SSN II, LTD. v. WARREN CTY. BD. OF REVISION

No. CA2012-04-037.

2013-Ohio-1112

SSN II, LTD., et al., Plaintiffs-Appellants, v. WARREN COUNTY BOARD OF REVISION, et al., Defendants-Appellees.

Court of Appeals of Ohio, Twelfth District, Warren County.

March 25, 2013.


Attorney(s) appearing for the Case

Robert W. Cettel , The Drees Center , 7265 Kenwood Road, Suite 210, Cincinnati, Ohio 45236, for plaintiffs-appellants.

David P. Fornshell , Warren County Prosecuting Attorney, Michael Greer , 500 Justice Drive, Lebanon, Ohio 45036, for defendants-appellees.


OPINION

S. POWELL, J.

{¶ 1} Plaintiffs-appellants, SSN II, LTD and Randal R. Sadler, trustee, appeal from a decision in the Warren County Court of Common Pleas affirming two administrative decisions of the Warren County Board of Revision regarding valuation of properties. For the reasons outlined below, we affirm the decision of the common pleas court.

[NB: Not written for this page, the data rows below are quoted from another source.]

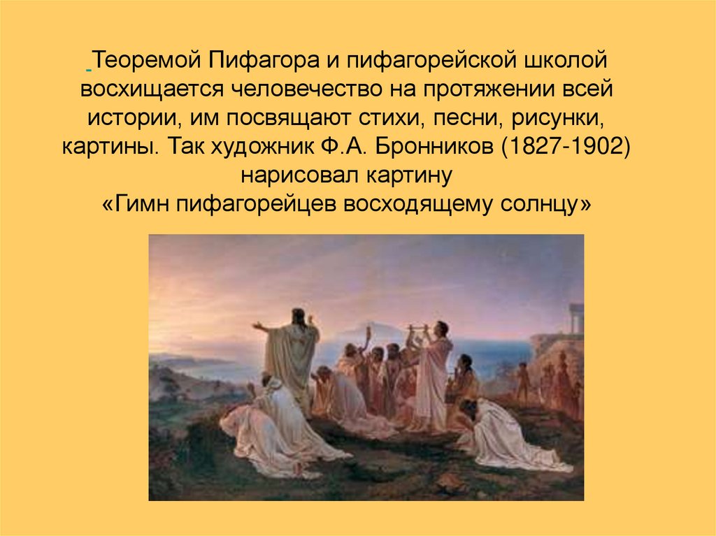 Теоремой Пифагора и пифагорейской школойвосхищается человечество на протяжении всей
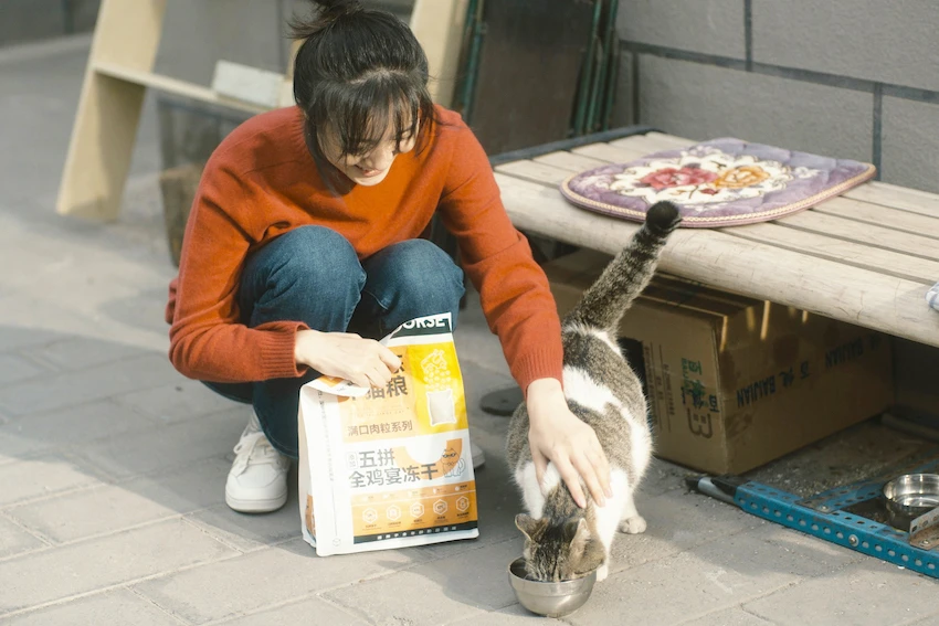 場面写真は、餌をあげようとしてもなかなか猫が近寄らないウェンと、すぐに猫が寄ってくる依頼人ジンスイ(チー・シー)を捉えたもの。こちらも微笑ましい。
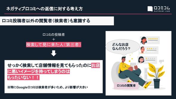 口コミへの返信をする際にまず心得ておくべきことは、返信はネガティブな口コミを投稿した「本人」ではなく、不特定多数の「他の閲覧者(検索者)」の目を意識すべきだという。他の閲覧者にとっては、口コミに書いてあるクレームが本当かどうかは確認しようがないからだ。事業者側が必死に抗弁している姿は、情報収集している多くの閲覧者にとってあまり気持ちの良いものではないだろう。
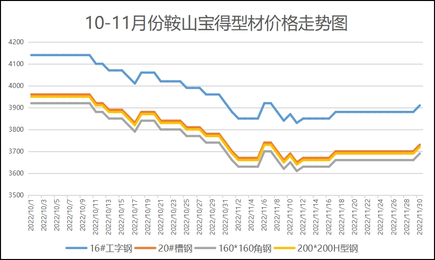 图2:10-11月份鞍山宝得型材价格走势图
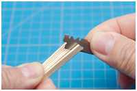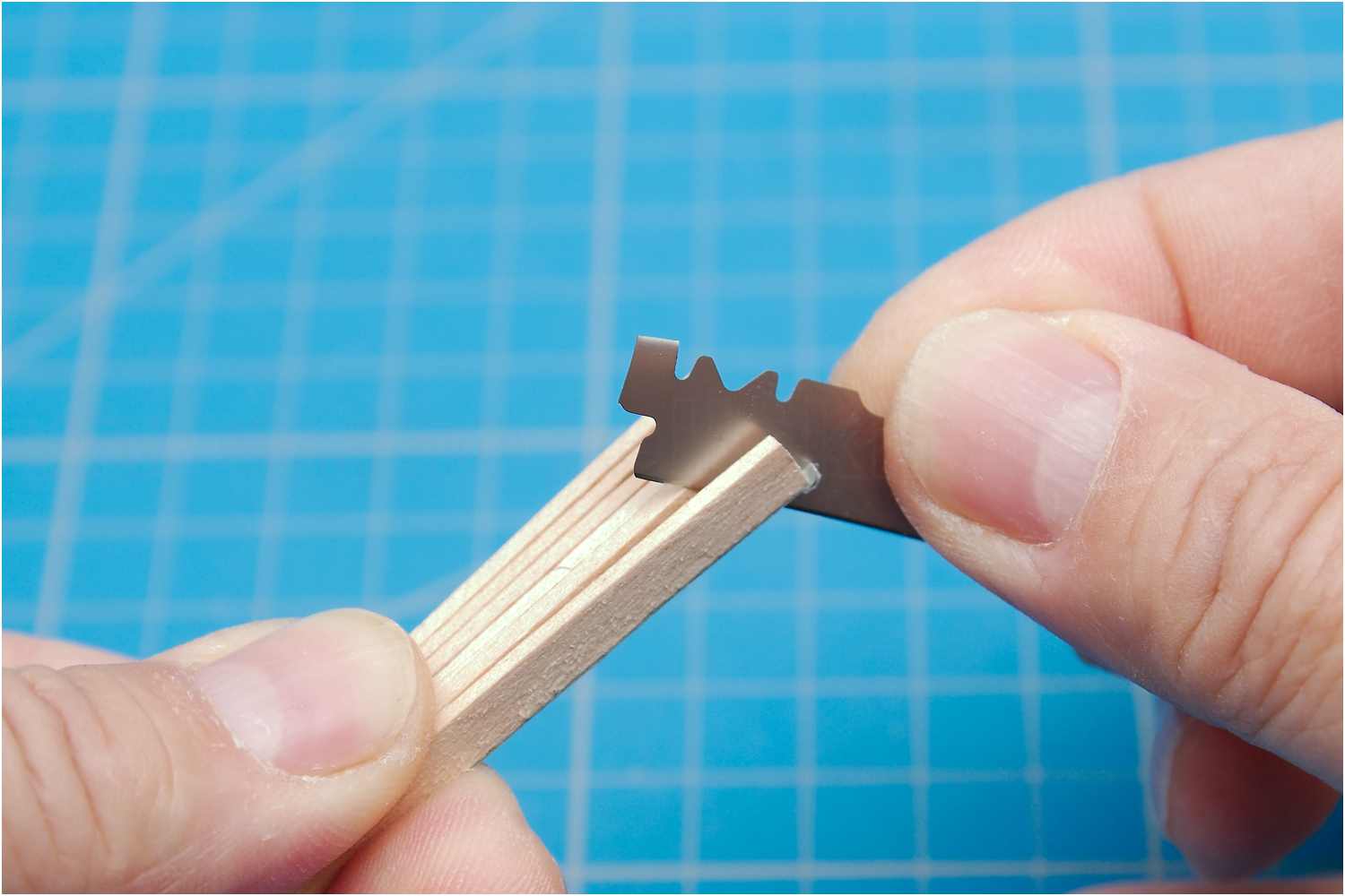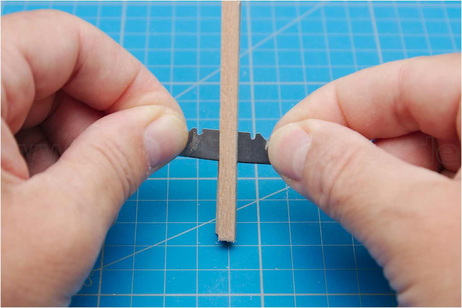 Jetzt nimmt man eine halbe Rasierklinge, spreizt die Leisten etwas auseinander und steckt die Klinge in den Zwischenraum, stellt das ganze Paket auf die Stirnseite und zieht mit beiden Händen die Klinge nach unten.

{¶ 2} SSN II and Sadler are owners of two parcels of land located in Warren County that collectively form the 18-hole Clearcreek Par 3 Golf Course. Both parcels contain certain "golf features," which appellants specify as teeing grounds, cart paths, sprinkler systems, drainage systems, water hazards such as ponds and streams, fairways, bunkers, roughs, putting greens, and holes. The parcel owned by Sadler is 32.2230 acres and contains holes 1 through 9, with cart paths on holes 1 through 3. The tees and greens have automatic sprinkler systems, and there is a three-acre lake. The parcel owned by SSN II is 53.1865 acres and contains holes 10 through 18. There are cart paths on holes 10 through 13 and on holes 17 and 18. The tees and greens have automatic sprinkler systems. Also located on SSN II's parcel is a club house with pro shop, a parking lot, cart storage building, a driving range, and a canopy deck that is used by customers to hit golf balls ("driving range canopy deck").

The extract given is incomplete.